Ha scritto che le neuroscienze sociali possono contribuire a spiegare i meccanismi alla base delle malattie mentali. Con quali potenziali ricadute? “Le scienze sociali progrediscono facendo interagire concetti biologici e teorie sociali e comportamentali, con molti strumenti diversi per capire meglio come funziona il nostro sistema nervoso. Al momento ci sono vari percorsi di ricerca, che stanno progredendo in modo indipendente. Sarà necessario riuscire a integrarli per lavorare sulla diagnosi e il trattamento dei disturbi mentali. Per esempio, quello che oggi sappiamo della solitudine percepita ci sta aiutando a comprendere meglio i suoi effetti sulla salute mentale “.

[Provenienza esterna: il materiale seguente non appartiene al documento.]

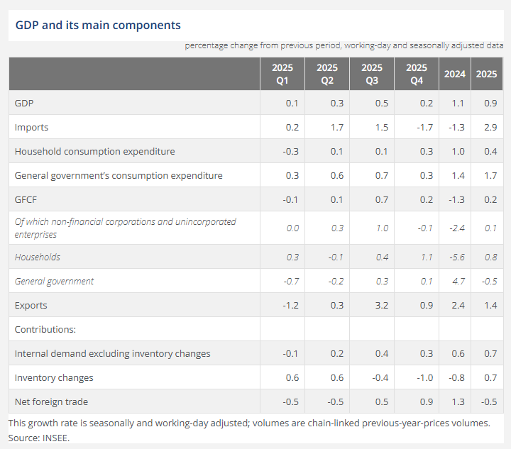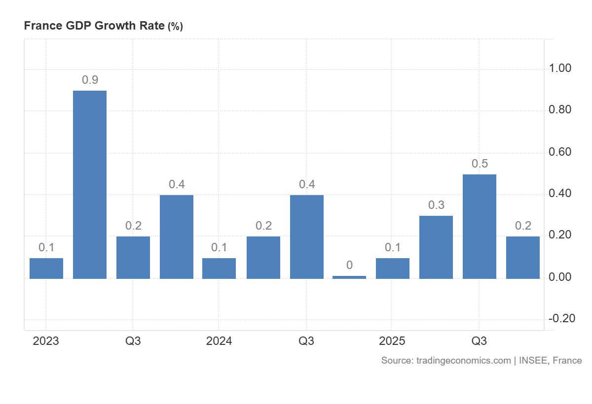 France's real GDP rose +0.2% QoQ in Q4 2025, confirming the preliminary estimate of a slower quarterly expansion to end the year.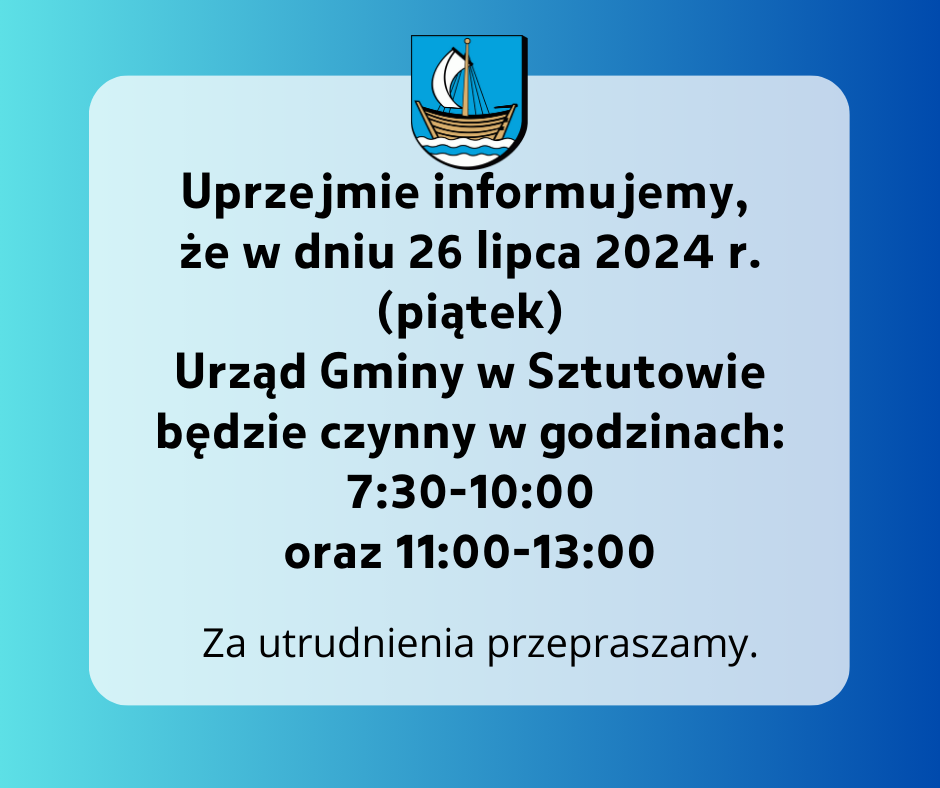 Strona główna » Aktualności » Godziny otwarcia UG dnia 26.07.2024 Data dodania 25.07.2024 Godziny otwarcia UG dnia 26.07.2024 Uprzejmie informujemy, że w dniu 26 lipca 2024 r. (piątek) Urząd Gminy w Sztutowie będzie czynny w godzinach: 7:30-10:00 oraz 11:00-13:00. Za utrudnienia przepraszamy. Drukuj

NONNO PATERNO E MOGLIE ITALIANI, FONDATORE DELLE NEUROSCIENZE SOCIALI

John Cacioppo è fondatore e direttore del Center for Cognitive and Social Neuroscience dell’ Università di Chicago. Dopo aver studiato economia all’Università del Missouri, si è laureato e specializzato in psicologia presso la Ohio State University. Prima di trasferirsi a Chicago ha insegnato alla Università di Notre Dame in Indiana (77/79), all’Università dello Iowa (79/89), e alla Ohio State University (89/99), oltre ad aver ricoperto incarichi presso gli atenei

di Amsterdam e di Pechino. E’ considerato uno dei fondatori delle neuroscienze sociali ed è autore di oltre 500 articoli scientifici e di venti saggi. E’ associate editor della rivista Social Neuroscience e responsabile della collana di libri ad essa collegata. Nell’aprile del 2014 è stato nominato nel comitato presidenziale per la National Medal of Science.